Long Queues at Fuel Stations Due to Oil Crisis, Sri Lanka Implements Weekly Fuel Quota
The Sri Lankan government has imposed weekly fuel rationing for public vehicles amid growing concerns over global oil supplies. The QR code-based rationing system took effect on Sunday (15/3/2026), according to local media reports from the Daily Mirror.
Under the system, the weekly fuel allowance is 15 litres for cars, 5 litres for motorcycles, 15 litres for three-wheeled vehicles, and 60 litres for buses. Local residents cannot purchase fuel without a valid QR code, and all vehicle owners must register their vehicles via the official government website.
The Sri Lankan government stated that the measure aims to prevent fuel hoarding and panic buying, ensure fair distribution of limited fuel stocks, and keep basic economic activities running.
The implementation of the QR code system has resulted in long queues at several fuel stations in Sri Lanka, particularly on the first day of enforcement. According to local officials, Sri Lanka has oil fuel stocks for 27 days and diesel stocks for 33 days. Furthermore, the Government Medical Officers’ Association (GMOA) in Sri Lanka has warned that the allocated fuel quotas are insufficient for doctors to perform their duties effectively.

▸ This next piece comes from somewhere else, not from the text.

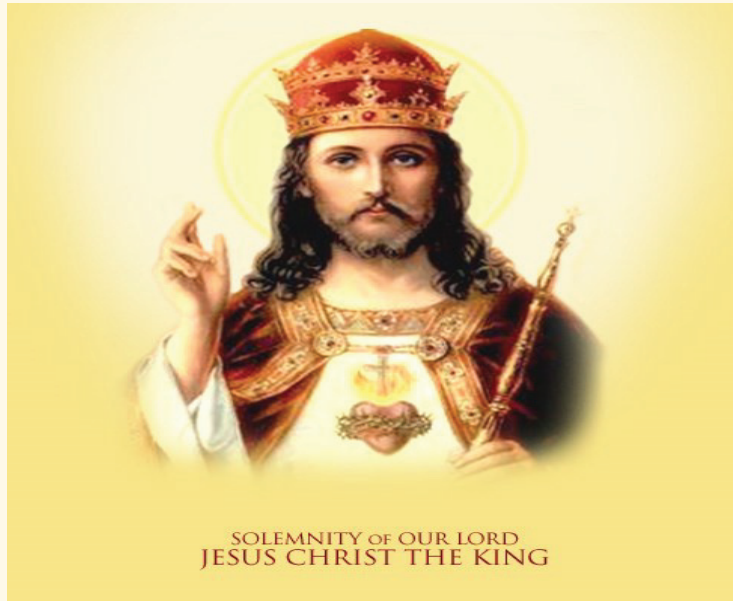
SOLEMNITY OF OUR LORD JESUS CHRIST THE KING

GMOA spokesperson Dr Chamil Wijesinghe said the weekly 15-litre fuel allowance for cars is still inadequate for medical personnel to travel and respond to emergency calls. Moreover, many doctors live far from their workplaces and often work on an on-call system, requiring them to be ready to depart at short notice.
Despite rising diesel prices and concerns over oil supplies, Sri Lanka’s Ministry of Power and Energy has assured that electricity supply will remain stable. Local officials confirmed that Sri Lanka has sufficient fuel for the operation of thermal power plants, while hydroelectric and solar power plants also help ensure energy supply security.

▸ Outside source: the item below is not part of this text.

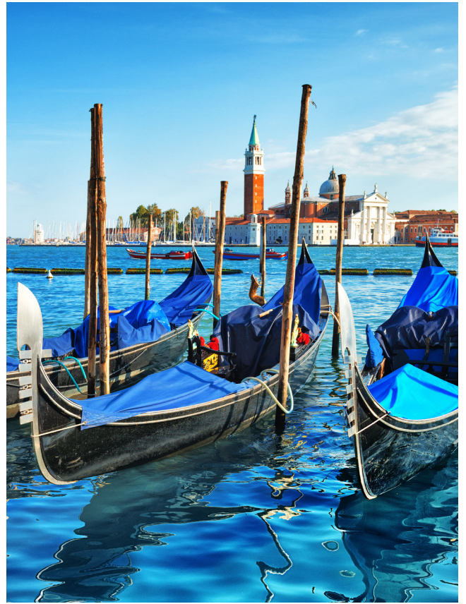
Gondolas, Grand Canal

Sri Lanka is also intensifying diplomatic efforts to secure additional fuel supplies from India, Russia, and China.
Meanwhile, in Malaysia, local tourism industry players have urged the government to provide temporary fuel subsidies for tourism transport operators, as rising fuel prices have driven up operational costs.
As reported by Bernama, industry representatives noted that many bus and van operators had signed contracts several months ago based on lower fuel prices. Several Asian countries have also established remote learning and work-from-home schemes to mitigate potential energy shortages.